One of the priority areas in healthcare is the concept of predictive, preventive and personalized medicine, which is based on an individualized approach to the patient, including before the onset of diseases such as glaucoma.
PURPOSE
This study was conducted to substantiate the necessity of close monitoring of primary angle closure suspects (PACs) by comparing their clinical and anatomical parameters with those in normal eyes and in primary angle closure (PAC) before and after lens extraction (LE) or laser peripheral iridotomy (LPI).
MATERIAL AND METHODS
This prospective study included 30 PACs patients. The comparison group consisted of 60 patients with PAC: 30 patients underwent LE with intraocular lens implantation, and 30 patients underwent LPI. Control group — 30 eyes without ophthalmic pathology. All subjects underwent swept-source optical coherence tomography (SS-OCT), including analysis of choroidal thickness in the macula, lens vault (LV), iris thickness and curvature (ICurv), and anterior chamber angle (ACA) profile.
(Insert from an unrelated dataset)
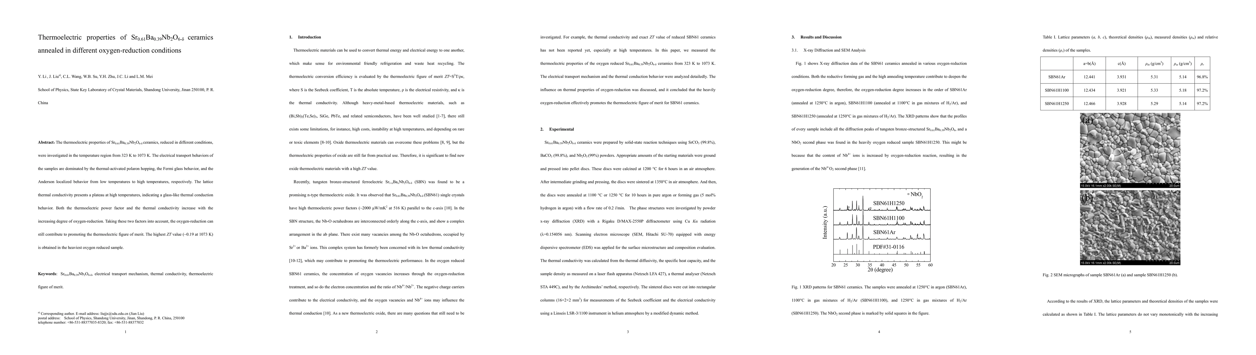 This study investigates the thermoelectric properties of Sr0.61Ba0.39Nb2O6 ceramics annealed under various oxygen-reduction conditions, finding that increased oxygen-reduction enhances both thermoelectric power factor and thermal conductivity, leading to a highest ZT value of ~0.19 at 1073 K.

Machine learning methods were used, including data driven soft independent modelling of class analogies (DD-SIMCA).
RESULTS
The parameters of PACs eyes occupied an intermediate position between those of PAC before treatment (according to DD-SIMCA classification) and normal eyes, but remained distinct from PAC eyes after treatment, falling outside the “safety zone” relative to normal values. Compared with the PAC group after LE, the PACs group had a shallower anterior chamber (2.60±0.13 mm vs. 3.63±0.199 mm, p=0.00), a narrower ACA profile (all p=0.00), a steeper iris (all p=0.00), lower uncorrected visual acuity (0.50±0.24 vs. 0.95±0.08, p=0.00), and a higher spherical equivalent (SE). Compared with PAC eyes after PLI, the PACs had greater LV (0.84±0.11 mm vs. 0.58±0.07 mm, p=0.00), higher intraocular pressure (19.7±0.8 mm Hg vs. 16.9±2.0 mm Hg, p=0.00), greater ICurv (all p<0.05), higher SE, and a narrower ACA profile.
CONCLUSION
Untreated PACs have significantly worse clinical and anatomical parameters, both in comparison with the norm and with PAC patients after treatment. This substantiates the need for closer monitoring of PACs.